* Given data:
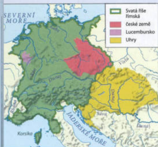
Rozsah území ovládaného Zikmundem Lucemburským v roce 1436

Na časlavském sněmu byla zvolena dočasná vláda ve složení: 8 měšťanů, 7 rytířů, 5 pánů.
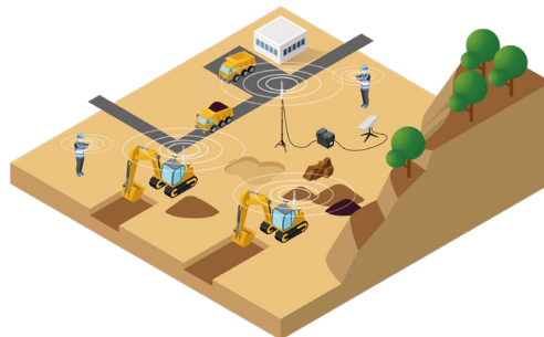
(“通信不感地対策Wi-Fiパック”を設置した現場)
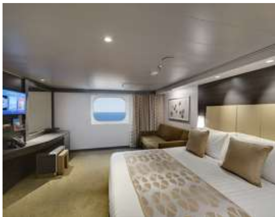
Deluxe Interior ไม่มีหน้าต่าง
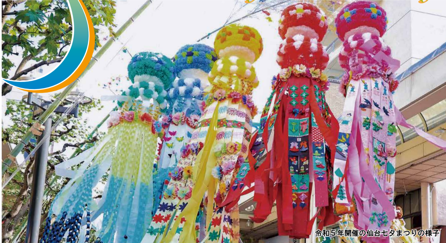
令和5年開催の仙台七夕まつりの様子
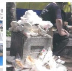
イベント時のごみの70%~80%は 使い捨てのプラスチック容器
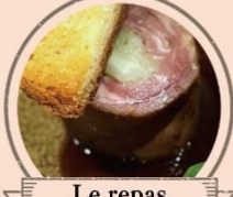
Le repas 牛フィレ肉のポビーエット
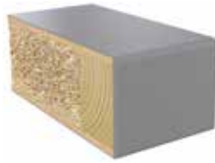
Plastkantlist NCS S 5000-N Laminat F7928 MAT
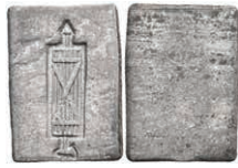
5478 Einseitig geprägte, rechteckige Eisenmarke, o.J. Av: Fascis. Slg. Walther 810, ss. 80,—
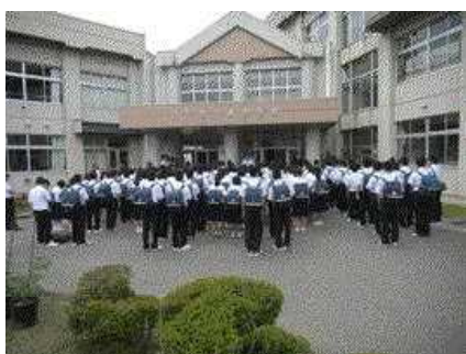
朝、出発式を行いました。
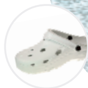
Artikel 8900020 Farbe: weiss
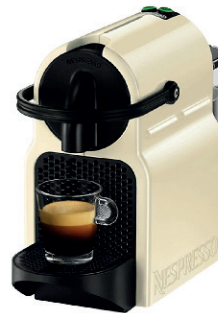
CAFETERA DE CÁPSULAS NESPRESSO DE'LONGHI INISSIA 60,00 €
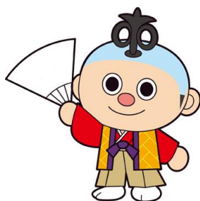
からくりロボットの “ブンゾー”

愛知県の文化事業のマスコット「からくりロボットの“ブンゾー”」をマスコットキャラクターとして活用し、「第 31 回国民文化祭・あいち 2016」と連携を図りながら、「第 16 回全国障害者芸術・文化祭あいち大会」の開催気運の醸成と参加意欲の喚起を図ります。
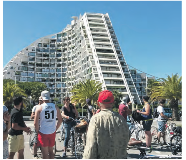
Balade urbaine à vélo – La Grande-Motte

Centre Épidaure 124-126, rue des Apothicaires, du 15 mai au 15 juin 09h/12h et 14h/16h30 SANTÉ ET SALUBRITÉ Répondant au centre Épidaure de l'Institut régional du Cancer de Montpellier, des étudiants de l'ENSAM ont imaginé un dispositif pour sensibiliser le public aux notions de confort et de gestion dans le rapport à l'ensoleillement et à l'exposition au soleil. ENSA Montpellier : 04 67 91 89 89
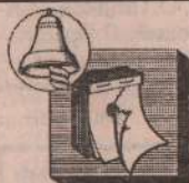
Редактор Т. Игнашова

По вертикали: 2. Изумруд. 3. Усмешка. 4. Бампер. 5. Орбита. 8. Театр. 10. Пермь. 13. Косушка. 15. Пакгауз. 16. "Ланча". 17. Страх. 18. "Огонь". 19. Жатва. 23. Тавро. 25. Любек. 26. Челнок. 28. Бакунин. 29. Агриппа. 30. Галлон.
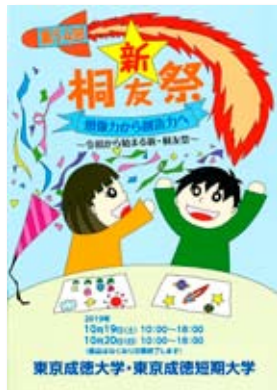
東京キャンパスの学園祭パンフレット 今年のテーマは「想像力から創造力へ」
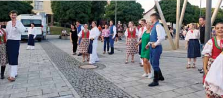
Svatovavřínecké hody v Bojkovicích – 11. - 13. 8. 2023

Folklorní soubor Světlovánek na Tillichově náměstí
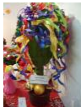
Fundación Gerón Fuente Tojar (Córdoba)
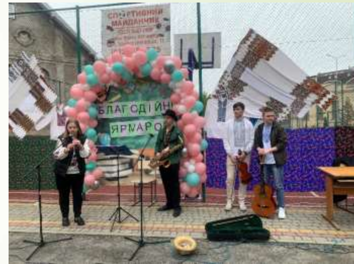
Благодійний ярмарок на підтримку ЗСУ
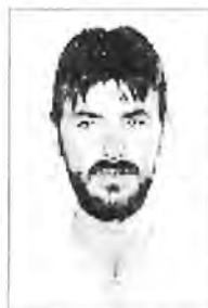
Llorenç Caules Coll IES Pasqual Calvó i Caldés Ciutadella

67. Funcionament flexible dels centres que permeti l'assumpció, per part de les dones, de les tasques de gestió i coordinació, així com la seva participació en la formació permanent.
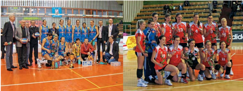
Dva soupeřící týmy – Prostějov (vlevo) a Olomouc.

Domácí tým přitom v úvodu zaskočil vysokého favorita a čtyřnásobného držitele trofeje především odvážným servisem a překvapivě vedl 10:7, 16:14 a ještě 17:16. Až do stavu 19:19 držely Olomoučanky s protivníkem krok i naději na dílčí úspěch, potom ale Prostějov zrychlil a zpřesnil hru a ovládl koncovku první sady. V dalších dvou setech sice vysokoškolačky vždy na za-
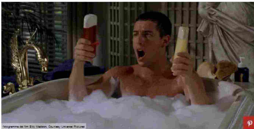
Fotogramma del film Billi Medson . Courtesy Universal Pictures

È un fenomeno in costante crescita, quello della cosmesi naturale, destinato a segnare l'evoluzione del settore anche nei prossimi anni: il consumatore cerca sempre più prodotti green come lo shampoo naturale. La tendenza oggi è preferire trattamenti biologici, come shampoo e balsami che non aggrediscono i capelli, i gel e le maschere più rispettosi per l'ambiente, non testati su animali, amici della salute, magari personalizzati. Ampia la scelta di trattamenti per i capelli: si spazia da quello a base di argilla ad azione rigenerante e ideale per calmare i fastidi della cute sensibile a quello di ricostruzione profonda, indicato per i capelli danneggiati, a base di aminoacidi e coenzima Q10, che dona forza e corposità e ripara la fibra capillare. Dalla pulizia con oli essenziali, a quello ristrutturante a base di soia, orzo, arnica, semi di lino ed erbe montane. La scelta nel campo degli shampoo e dei trattamenti bio per capelli è ampia.
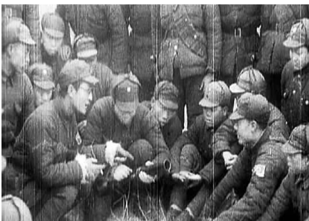
八路军在学习操作掷弹筒。
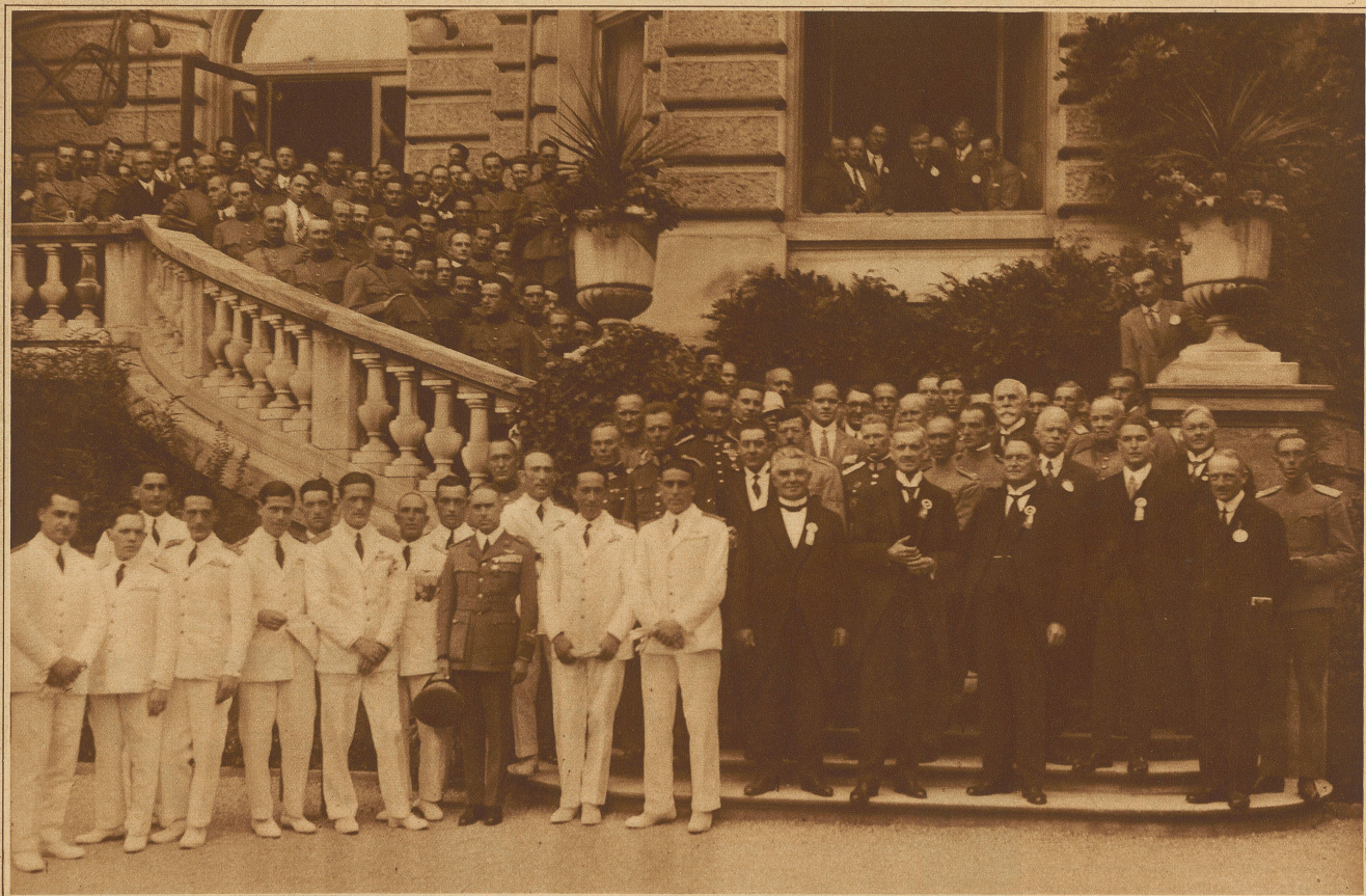
Empfang der fremden Delegierten und Flieger im Zürcher Kursaal

* Problem details:
Without copying any picture, write out the entries exactly.

* Answer for this exercise:
Rozsah území ovládaného Zikmundem Lucemburským v roce 1436

Na časlavském sněmu byla zvolena dočasná vláda ve složení: 8 měšťanů, 7 rytířů, 5 pánů.
(“通信不感地対策Wi-Fiパック”を設置した現場)
Deluxe Interior ไม่มีหน้าต่าง
令和5年開催の仙台七夕まつりの様子
イベント時のごみの70%~80%は 使い捨てのプラスチック容器
Le repas 牛フィレ肉のポビーエット
Plastkantlist NCS S 5000-N Laminat F7928 MAT
5478 Einseitig geprägte, rechteckige Eisenmarke, o.J. Av: Fascis. Slg. Walther 810, ss. 80,—
朝、出発式を行いました。
Artikel 8900020 Farbe: weiss
CAFETERA DE CÁPSULAS NESPRESSO DE'LONGHI INISSIA 60,00 €
からくりロボットの “ブンゾー”

愛知県の文化事業のマスコット「からくりロボットの“ブンゾー”」をマスコットキャラクターとして活用し、「第 31 回国民文化祭・あいち 2016」と連携を図りながら、「第 16 回全国障害者芸術・文化祭あいち大会」の開催気運の醸成と参加意欲の喚起を図ります。
Balade urbaine à vélo – La Grande-Motte

Centre Épidaure 124-126, rue des Apothicaires, du 15 mai au 15 juin 09h/12h et 14h/16h30 SANTÉ ET SALUBRITÉ Répondant au centre Épidaure de l'Institut régional du Cancer de Montpellier, des étudiants de l'ENSAM ont imaginé un dispositif pour sensibiliser le public aux notions de confort et de gestion dans le rapport à l'ensoleillement et à l'exposition au soleil. ENSA Montpellier : 04 67 91 89 89
Редактор Т. Игнашова

По вертикали: 2. Изумруд. 3. Усмешка. 4. Бампер. 5. Орбита. 8. Театр. 10. Пермь. 13. Косушка. 15. Пакгауз. 16. "Ланча". 17. Страх. 18. "Огонь". 19. Жатва. 23. Тавро. 25. Любек. 26. Челнок. 28. Бакунин. 29. Агриппа. 30. Галлон.
東京キャンパスの学園祭パンフレット 今年のテーマは「想像力から創造力へ」
Svatovavřínecké hody v Bojkovicích – 11. - 13. 8. 2023

Folklorní soubor Světlovánek na Tillichově náměstí
Fundación Gerón Fuente Tojar (Córdoba)
Благодійний ярмарок на підтримку ЗСУ
Llorenç Caules Coll IES Pasqual Calvó i Caldés Ciutadella

67. Funcionament flexible dels centres que permeti l'assumpció, per part de les dones, de les tasques de gestió i coordinació, així com la seva participació en la formació permanent.
Dva soupeřící týmy – Prostějov (vlevo) a Olomouc.

Domácí tým přitom v úvodu zaskočil vysokého favorita a čtyřnásobného držitele trofeje především odvážným servisem a překvapivě vedl 10:7, 16:14 a ještě 17:16. Až do stavu 19:19 držely Olomoučanky s protivníkem krok i naději na dílčí úspěch, potom ale Prostějov zrychlil a zpřesnil hru a ovládl koncovku první sady. V dalších dvou setech sice vysokoškolačky vždy na za-
Fotogramma del film Billi Medson . Courtesy Universal Pictures

È un fenomeno in costante crescita, quello della cosmesi naturale, destinato a segnare l'evoluzione del settore anche nei prossimi anni: il consumatore cerca sempre più prodotti green come lo shampoo naturale. La tendenza oggi è preferire trattamenti biologici, come shampoo e balsami che non aggrediscono i capelli, i gel e le maschere più rispettosi per l'ambiente, non testati su animali, amici della salute, magari personalizzati. Ampia la scelta di trattamenti per i capelli: si spazia da quello a base di argilla ad azione rigenerante e ideale per calmare i fastidi della cute sensibile a quello di ricostruzione profonda, indicato per i capelli danneggiati, a base di aminoacidi e coenzima Q10, che dona forza e corposità e ripara la fibra capillare. Dalla pulizia con oli essenziali, a quello ristrutturante a base di soia, orzo, arnica, semi di lino ed erbe montane. La scelta nel campo degli shampoo e dei trattamenti bio per capelli è ampia.
八路军在学习操作掷弹筒。
Empfang der fremden Delegierten und Flieger im Zürcher Kursaal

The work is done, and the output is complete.